At least he can honestly say he has the longest shut down ever. It's huge!
Finally! Mr. Trump did it. He is breaking the US financial system just like he did with his casinos. No matter how strong the house hand, if making poor decisions, it will loose.
155
And so I must repeat:
No deal with Trump.
Nol one penny.
Impeach him in the House for conspiracy and obstruction.
Let him try to run for re-election based on his single accomplishment - the Trump shutdown.
The GOP Senate will cave.
May take several months. Stay strong.
138
@strangerq
You can't stay strong if you have no money to buy food.
2
Ortrud from Belgium.(really?)
Said everyone who ever opposed a worker strike or boycott thinking they could scare the workers into submission.
America was strong enough to save Belgium from Hitler.... we are certainly strong enough to stand up to Trump.
4
@strangerq
You can't stand up if you can't eat.
If there was ever a time for a variation in our political system, now is the time.

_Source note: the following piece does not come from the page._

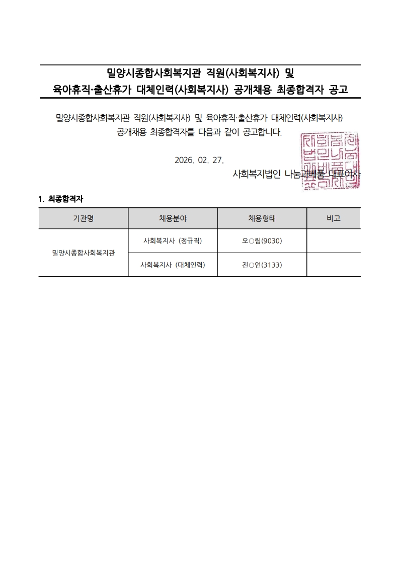 밀양시종합사회복지관 직원(사회복지사) 및 육아휴직·공개채용 최종합격자 공고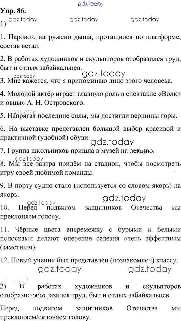 Ответы к Решения к упражнениям 86 Учебнику по Русскому языку для 7 класса Александрова, Загоровская Просвещение 2020

There should be some way developed to put such an issue to a public vote to really see if the majority of the American people think the wall is a good idea and let us decide directly as our President and Congress cannot come to a decision.
11
How about this idea for bringing the shutdown to a quick conclusion. Let's suspend salaries and benefits for all members of Congress and the White House including the President, suspend healthcare benefits, and refuse back pay until the shutdown is over. In the meantime, they can hold garage sales or walk dogs to make ends meet.
243
@EAZiemba Trump can afford it, so can Congress. They have non-government sources of income.
17
Facts are important. Some Members of Congress may have other sources of income, some may not. Is it wrong if wealth is earned legally and ethically and/or from a previous career?
2
@J True enough but the point is to drive home the message that they should be treated just like every other American. It is meant to be a teaching moment for the spoiled kids in DC. And while they can afford to go without these financial assets, no one like to give away money, not even rich people. If they or anyone covered by their health insurance gets sick, they can pay out of pocket and see what it feels like to be uninsured and faced with staggering healthcare bills.